И вдруг в этом мареве стали проступать лица. Одно за другим — политиков, журналистов, учёных, тех, кто когда-то осмелился идти против него. Одни были стерты в лагерях, другие изгнаны прочь, третьи исчезли бесследно. Их тени скользили перед ним, и в душе властителя вспыхнуло странное чувство. Он не испытывал сожаления или вины. Наоборот — это доставляло ему мрачное, почти сладостное наслаждение.
Сам процесс устрашения, процесс исчезновения «врагов» наполнял его странной гордостью. Мир становился чище, безопаснее. Каждый раз, когда один из них уходил в небытие, он чувствовал, как мир подчиняется его воле.
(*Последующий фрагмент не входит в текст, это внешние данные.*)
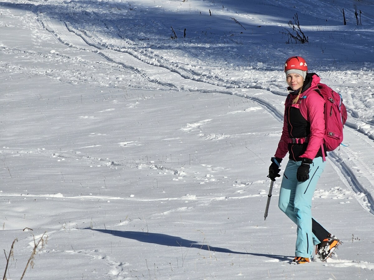 Spoštljivo in odgovorno pozimi v gore peš in na turnih smučeh. V turno smučanje nas vpelje tudi nov in sodoben priročnik Toneta Golnarja Turno smučanje. (foto Manca Ogrin)
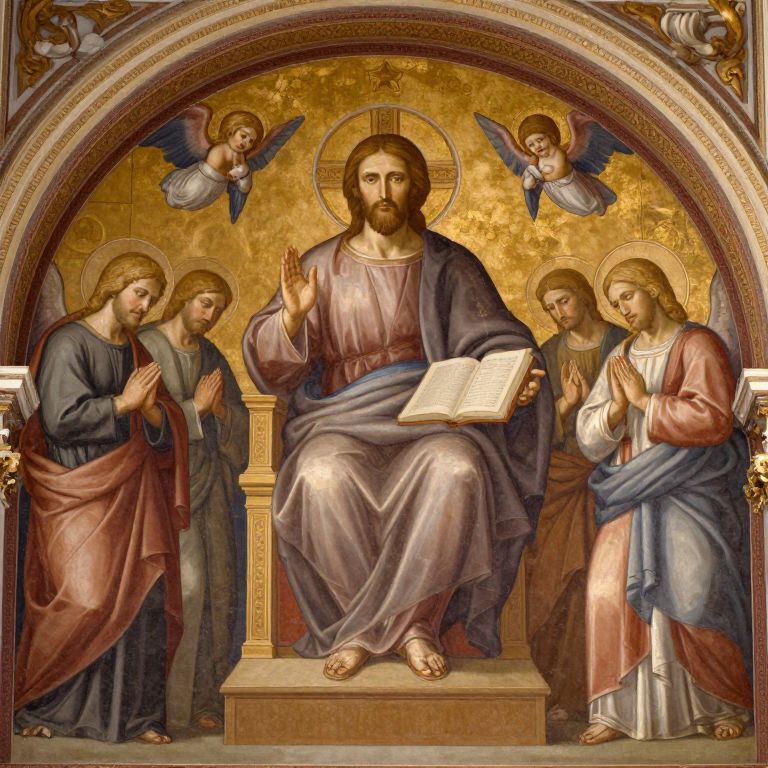 Pantocrator scene in a grand cathedral fresco style, Christ enthroned with open gospel, surrounded by saints and angels, naturalistic brushstrokes combined with iconic stylistic features, warm earth tones and gold highlights, reflecting divine authority and spiritual grace.
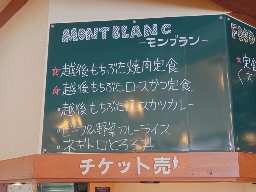 こちらでメニュー表は最後。では、越後もち豚焼肉定食(2200円)を購入へ。
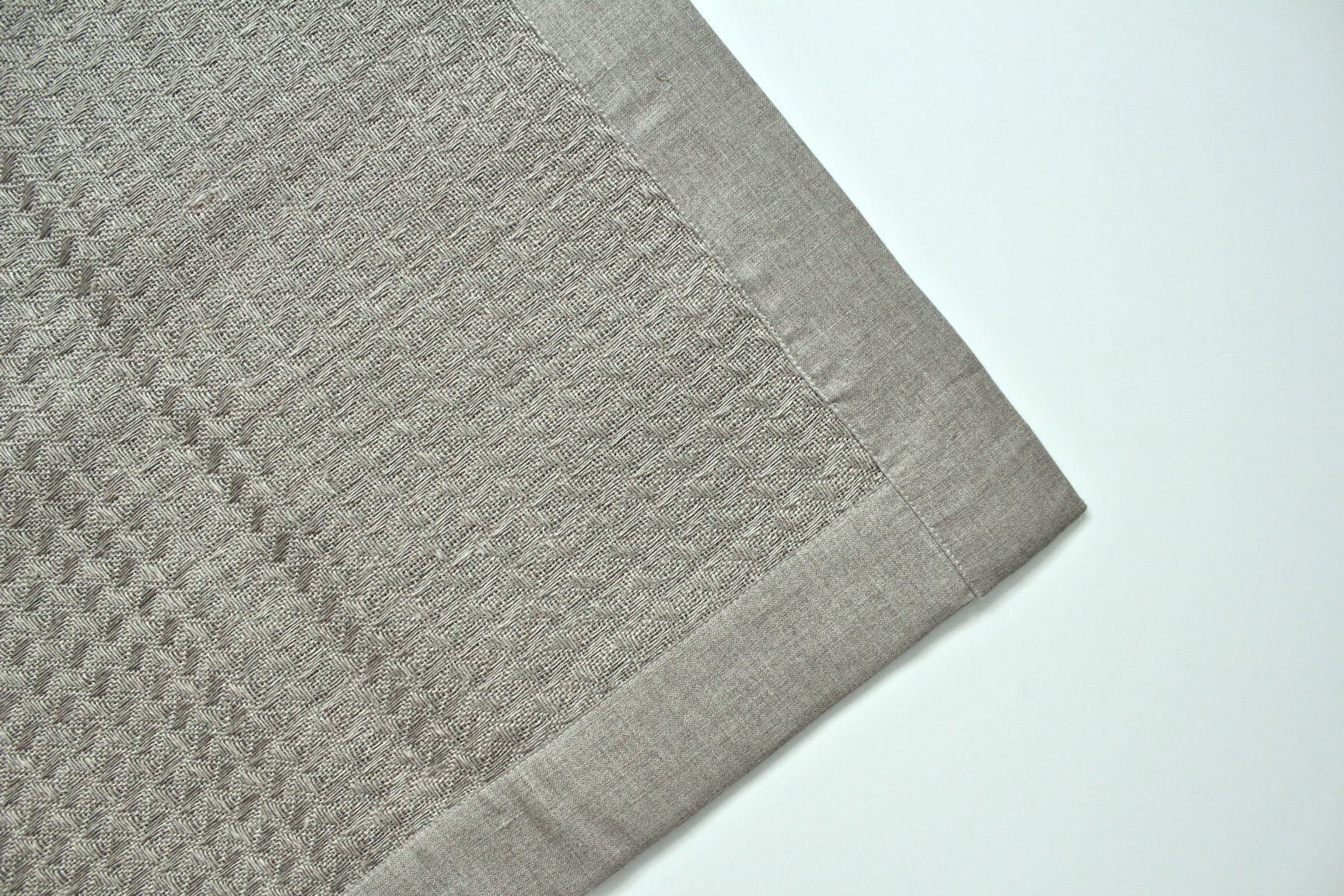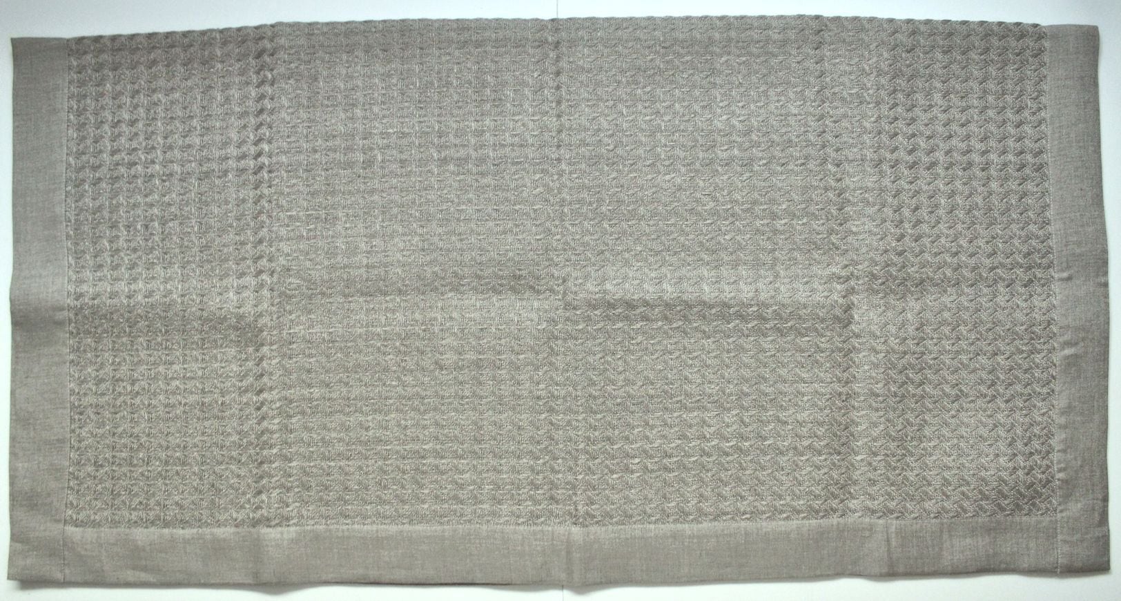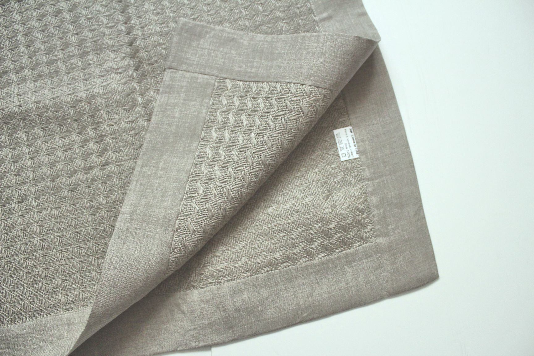 ラトビアで織られたリネン100%の織物です。ラトビア北東部のリンバジ村にあるこの工房は創業110年を超える老舗の織物工房で、腕利きの職人さんたちがその技術を支えています。この商品は織り上がるまでの全工程が簡単な機械を使った手作業で仕上げられています。丈夫なので日常使いにもピッタリです。100x100cm程度の正方形の形をしています。
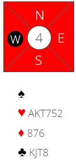 Så meldingene starter nok med 1 kløver og 1 spar innpå fra øst. Da sier syd 2 hjerter, naturlig rundekrav. Nord støtter hjerteren. Nå vet ikke N/S hvor gunstig det står til i ruter. De vil normalt stoppe i utgang selv om det gjøres et optimistisk slemforsøk, for da finner de ut at de manger både ett nøkkelkort og trumdamen. Det er dessuten mulig at vest med bra spartilpasning vil være med i meldingene også.
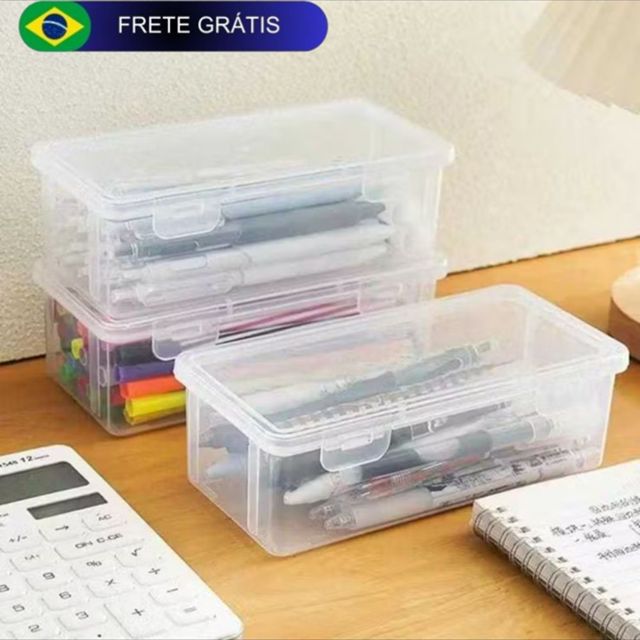 Organizador de mesa escritório para lápis caneta papelaria plástico multiuso com tampa e trava
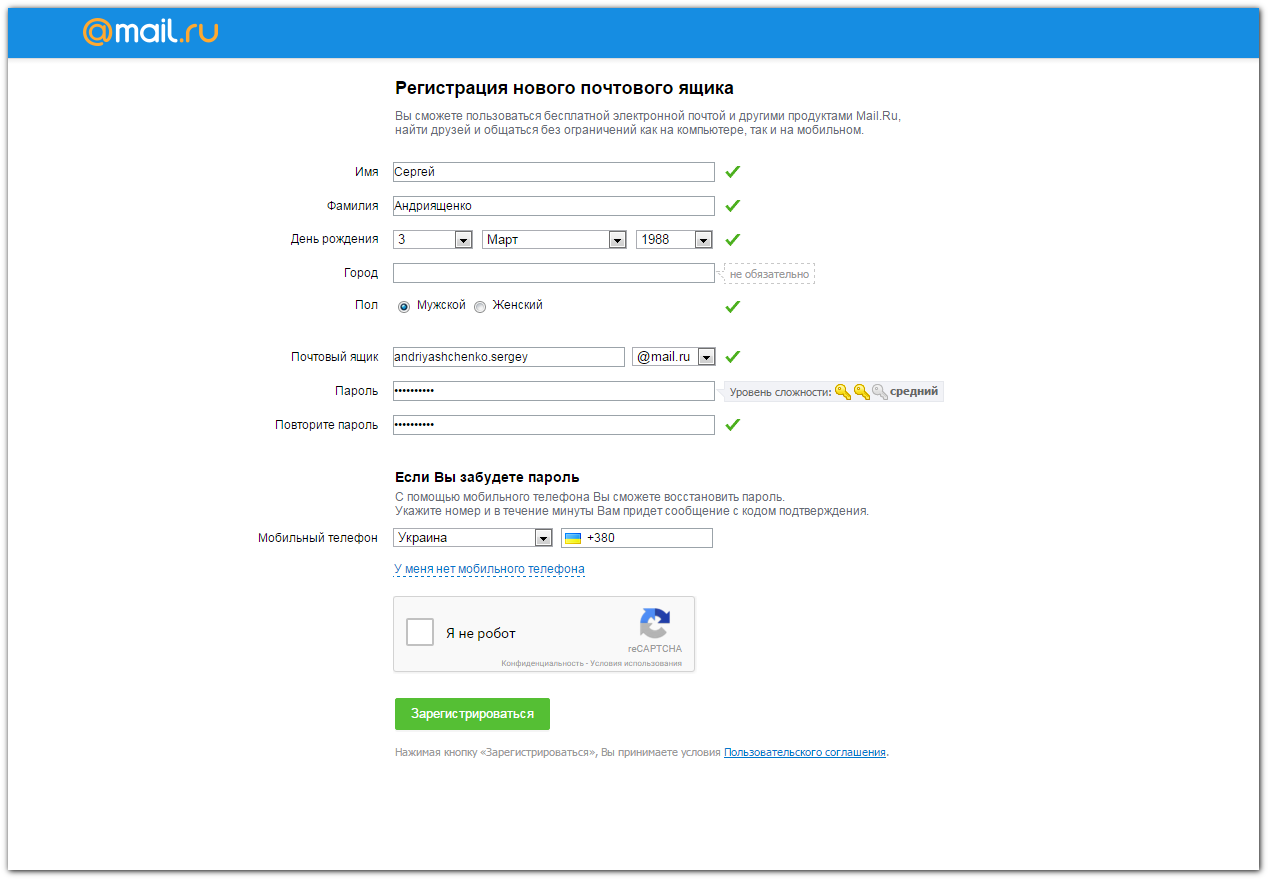Добавьте действующий номер телефона. Если вы потеряете пароль, он поможет восстановить доступ к ящику. Также через номер можно защитить аккаунт с помощью SMS-пароля. Нажимаем зарегистрироваться и почта готова.
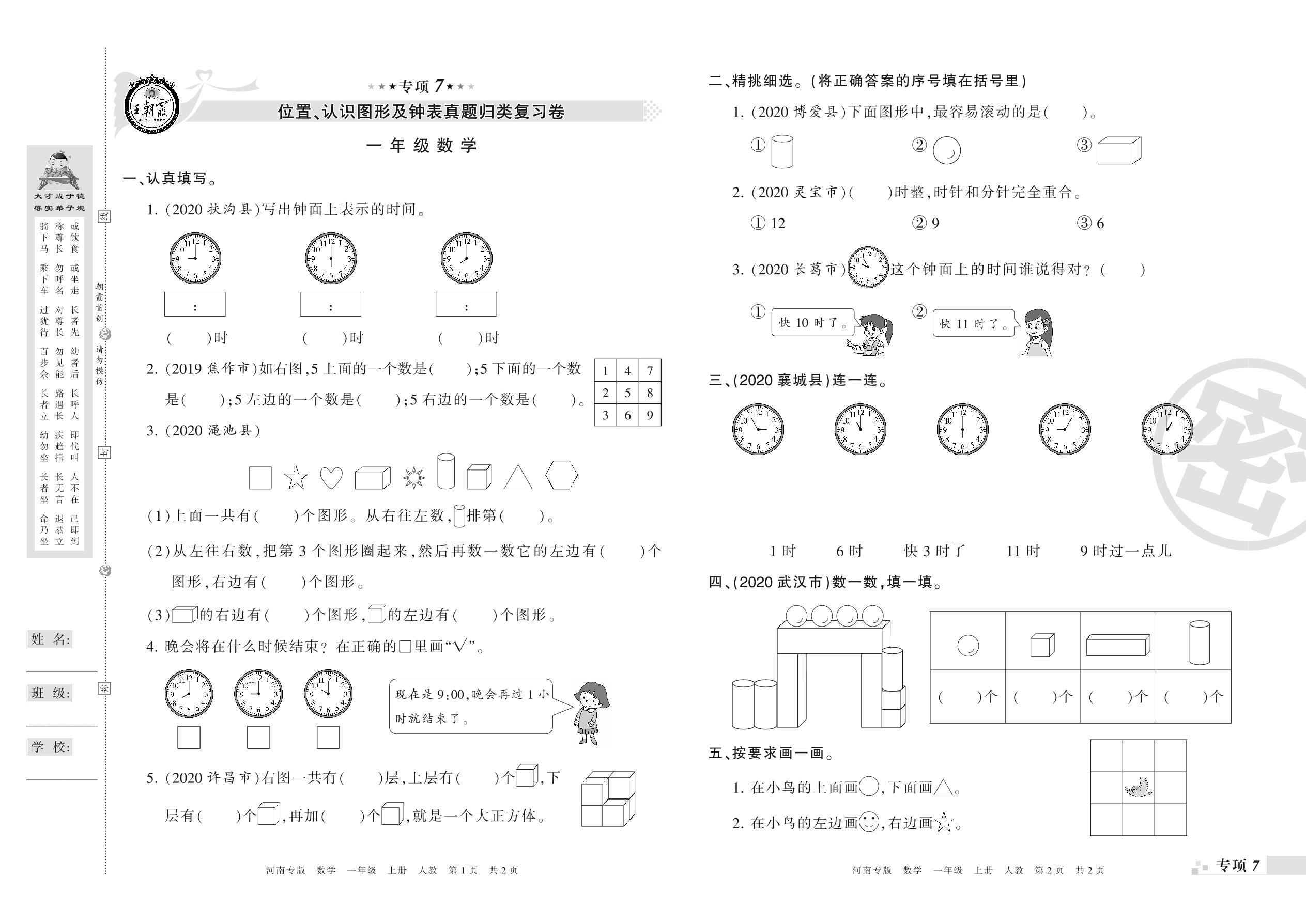 王朝霞期末专项卷——位置、认识图形及钟表真题归类复习、新颖题速递:生活与数学一年级上册数学(人教版)【0】
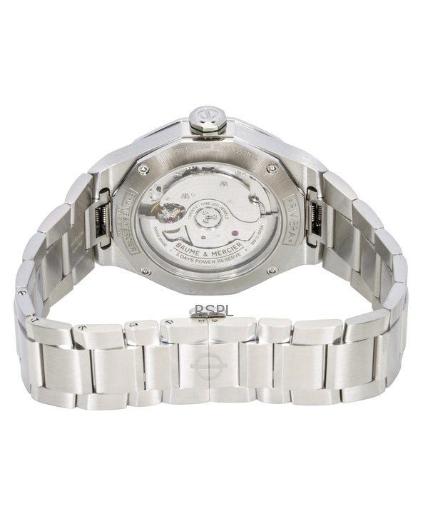 Baume &, Mercier Riviera Stainless Steel Green Dial Automatic M0A10770 Men’s Watch is a statement piece with its unique green dial, offering a refreshing and distinctive look. Powered by an automatic movement, it ensures precise timekeeping without the need for batteries, making it a great option for those who appreciate the reliability of automatic watches. The 100-meter water resistance adds versatility, allowing for casual swimming and water activities. Its stainless steel case ensures durability and strength, while the overall design blends sporty appeal with sophisticated elegance, perfect for both everyday wear and special occasions.
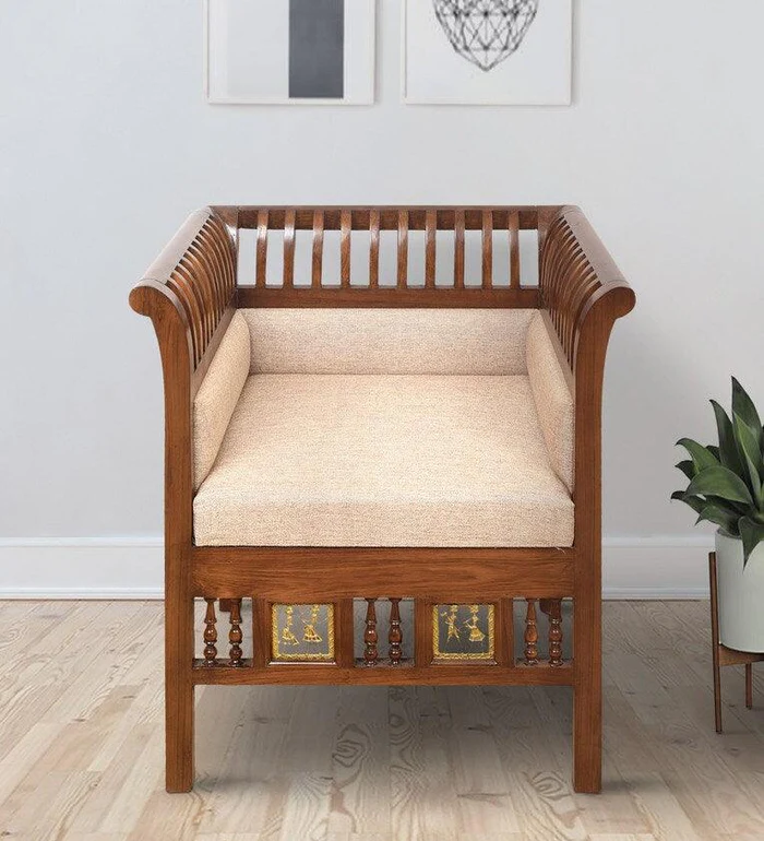 Solid Wood 1 Seater Sofa in Walnut Colour

Каримов ещё некоторое время сидел в кресле, слушая гул в голове, наблюдая за краснеющим солнцем. Оно будто тянулось внутрь себя, превращаясь в багровый сгусток, — и вдруг всё оборвалось. В груди что-то хрустнуло, тело утратило опору, и он обмяк, сползая в тень кабинета.
Когда он свалился, солнца уже не было. За огромными окнами зияла чёрная дыра, окружённая огненным диском. Её дыхание, медленное и безжалостное, казалось, втягивало сам воздух из зала, стены дрожали от её немого присутствия.
В этот миг двери распахнулись, и вбежали чиновники. Генералы, министры, секретари, референты — все они закрутились в суете, сбились в толпу. Кто-то поднимал его безжизненную руку, кто-то пытался нащупать пульс, кто-то уже кричал приказы и звал врачей. Их лица были искажены страхом, лояльность рвалась наружу в виде паники, каждый хотел доказать, что именно он — нужный, верный, незаменимый.
Но никто из них не посмотрел в окно. Никто не заметил, что мир изменился. Что солнце исчезло, уступив место всепоглощающей черной бездне. Они бегали вокруг мёртвого тела, хватались за бумаги на столе, за телефонные трубки, за рукава друг друга, но за стеклом уже горело небо, и воронка космоса разверзалась над их страной.
Чёрная дыра росла, её сияющий диск пульсировал, и казалось, что она смеётся — над тщетностью власти, над страхом, над верностью и предательством.
И лишь безжизненное тело диктатора и палача узбекс кого народа лежало в кресле, как последний символ эпохи, которую она — эта чёрная пасть вселенной — поглотила целиком.